FRIDAY-THURSDAY
Week of August 18-24, 2000
volume 11, nos. 143-149

CATHOLIC PewPOINT for Friday-Thursday, August 18-24, 2000
Only God can place the proper value on the true treasure of family values and virtues!

    During our just concluded vacation, we were inundated with e-mails encouraging the format we adopted for the vacation issues because it makes it so easy to find everything, especially for those who want the liturgy ahead of time. Many e-mails were from overseas where the time difference is considerable and this way they can meditate on the saint of the day or feast day and the accompanying liturgy. Others wrote bemoaning the lack of current news during this time and, endeavoring to please the majority, we will make sure the most recent news stories are included with up-to-date posting daily. Our new format also will allow for someone to read our columnists at one sitting or bookmark it for later, being assured they'll return to the same spot. This way too all articles and columns remain available for a week before being sent to archives. This allows more exposure for the important words we provide. Believe me, if it weren't important, we wouldn't publish it. While this will undoubtedly lower the number of visits daily by our readers, statistics don't matter when we have the opportunity to actually reach more souls through this format. While individual hits may be lower, our readership will grow with others accessing the DAILY CATHOLIC on a regular basis after they have tasted what we have to offer. Again, we remind you that we have formatted this new format to Microsoft Internet Explorer, the most popular browser by over 75% of internet users. Because of glitches we have found in Netscape and its slow loading components we encourage you to view the DAILY CATHOLIC in the latest upgraded version of Internet Explorer, available free at microsoft.com. We also remind you that we set the type so it is readable for all and aligns best graphically if you set your font size for the lowest font size. We assure you you'll be able to read every line without squinting.
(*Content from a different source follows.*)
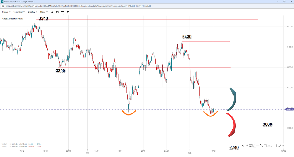 The speciality chemical company's stock has formed a double bottom pattern at 3080 GBX in the short term, supported by a larger pattern at 3000 GBX dating back to May 2016. Should the 3300 GBX support break, it could open its door to higher levels with a reversal potentially seeing prices rally towards the 3430 and 3540 GBX swings in the near term. However, if the stock loses support at the round level, traders might wait for a breakdown towards the 2745 GBX floor formed in March 2013 to determine the next move.

    Did a lot of squinting this past week with my Dad in town as we tried to dodge the searing sun as much as possible during one of our rare heat waves in San Diego. I can't remember a week that went by so fast. True to my promise I didn't sit at the computer for ten days. You can imagine the backlog of e-mails mounting up. It has gotten to where answering e-mails is as time-consuming as publishing these issues. Therefore, if you've written, please don't hold your breath. If your questions or content is vitally important we will get back to you, but if it was just dropping us a line or letting off steam, then consider these editorials my reply. I have numerous e-mails of people answering our plea for a webmaster and haven't had the chance to even get back to them and they're high priority!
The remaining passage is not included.